Вера затруднилась с подбором слов, и я предположил за нее:

— Им тогда ничего не светит в будущем?

— Точно! — повторила она. — Они тогда тоже будут жить в негритянском квартале, знать разве что грамоту и счет, и работать смогут… конюхами там или канавы копать, как родители. А если ребенка забирают в церковный интернат, то он получает образование и все прочее. Наш преподобный Савва из таких детей, например. Жена Ионы, полковника, тоже. Много таких. Церковная охрана из таких и вовсе полностью.

— Поэтому и негры для детей…

— Не все, сам понимаешь, — покачала головой Вера, предугадав, что я собирался сказать, — они разные бывают. Дураков среди них даже больше, чем нормальных людей. А как напиваются, так…

— И чем заканчивается?

— Каторгой обычно, чем же еще! — пожала она плечами. — То зарежет кто-то кого-то, то, бывает, жену так побьет, что доктора еле отходят. Они ведь прямо из племен, тут для них все другое. Но есть и нормальные.

— И у всех так?

— В смысле? — не поняла она вопроса.

— Ну у турок и франков?

— У франков похоже, а турки рабов держат по-настоящему, к ним лучше не попадаться, — ответила Вера. — Поэтому и стычки с ними часты — они рабов с христианской территории вывозят, а это у нас за набег считается.

Вот как.

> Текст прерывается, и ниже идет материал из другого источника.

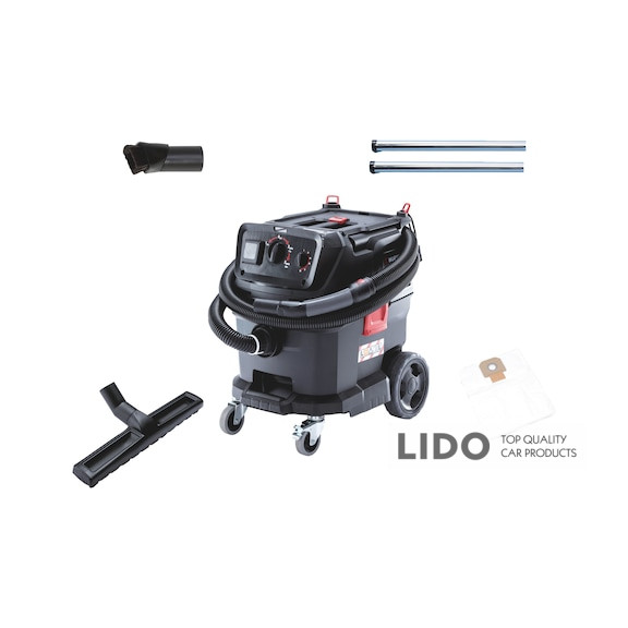 Універсальний пилосос для будівельних майданчиків із сертифікатом L та автоматичним очищенням фільтра. Забезпечує високу ефективність прибирання, зручність у використанні та надійний захист від електростатичних зарядів.

Разумный путь вообще-то. Негры-то здесь учебные, что называется: татуировку отмой — и никакой разницы с христианами не будет, разве что в башке. А вот дети их окончательно христианами станут, самыми обычными — не отличишь. Такие янычары наоборот.

— Да, на Большом острове долго будем?

— С неделю, наверное, — чуть подумав, ответила она. — Там ведь тоже товар взять надо, причем разный, по заказам — кому что.

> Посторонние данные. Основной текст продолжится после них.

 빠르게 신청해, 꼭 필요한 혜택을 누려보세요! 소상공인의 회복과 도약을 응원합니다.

Это понятно. Разных торговцев и на Большом Скате много, и снабжаются они вот так: как выяснят, какое судно ближайшее с грузом идет на Большой, — так купцу списки заказов и дают. А тому там побегать приходится, пока всем всего наберет.

— Заказ заказом, а нам бы под будущее товара запасти тоже надо.

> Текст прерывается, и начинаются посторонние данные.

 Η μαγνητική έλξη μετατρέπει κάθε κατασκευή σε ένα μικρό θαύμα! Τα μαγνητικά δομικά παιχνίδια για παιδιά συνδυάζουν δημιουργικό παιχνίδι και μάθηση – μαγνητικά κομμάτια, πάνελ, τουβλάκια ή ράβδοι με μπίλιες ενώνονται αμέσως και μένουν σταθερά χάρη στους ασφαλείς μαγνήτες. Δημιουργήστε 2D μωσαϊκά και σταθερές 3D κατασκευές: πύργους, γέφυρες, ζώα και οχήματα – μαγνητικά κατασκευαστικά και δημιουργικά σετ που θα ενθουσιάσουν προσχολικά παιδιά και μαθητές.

— Инструмента? — уточнила она. — Обязательно.

Следующий рейс «Чайки» планировался на Резиновый остров, названный так забавно за то, что полностью был засажен гевеей, с которой собирали натуральный каучук. Там постоянно нуждались в хорошем инструменте, да и во многом другом, а взамен можно было загрузиться большими серыми шарами каучука, который был для местного промышленного центра в Кузнецке первейшим товаром. А инструмент выгодней всего было как раз в Кузнецке и брать, так что рейс обещал быть перспективным.

— С дядей как у тебя?

— Никак, наверное, — ответила девочка. — Пламен вот за мной ухлестывать взялся, аж не может без меня, а дядя молчит.

— Совсем молчит?

— Нет, не совсем, — улыбнулась она. — Про будущее наше молчит, а так все нормально, добрый, все время к ним в дом зовет, не знает даже, что и сделать для меня. Марина тоже все время рядом.

— Марина — это ведь вторая жена у дяди, так?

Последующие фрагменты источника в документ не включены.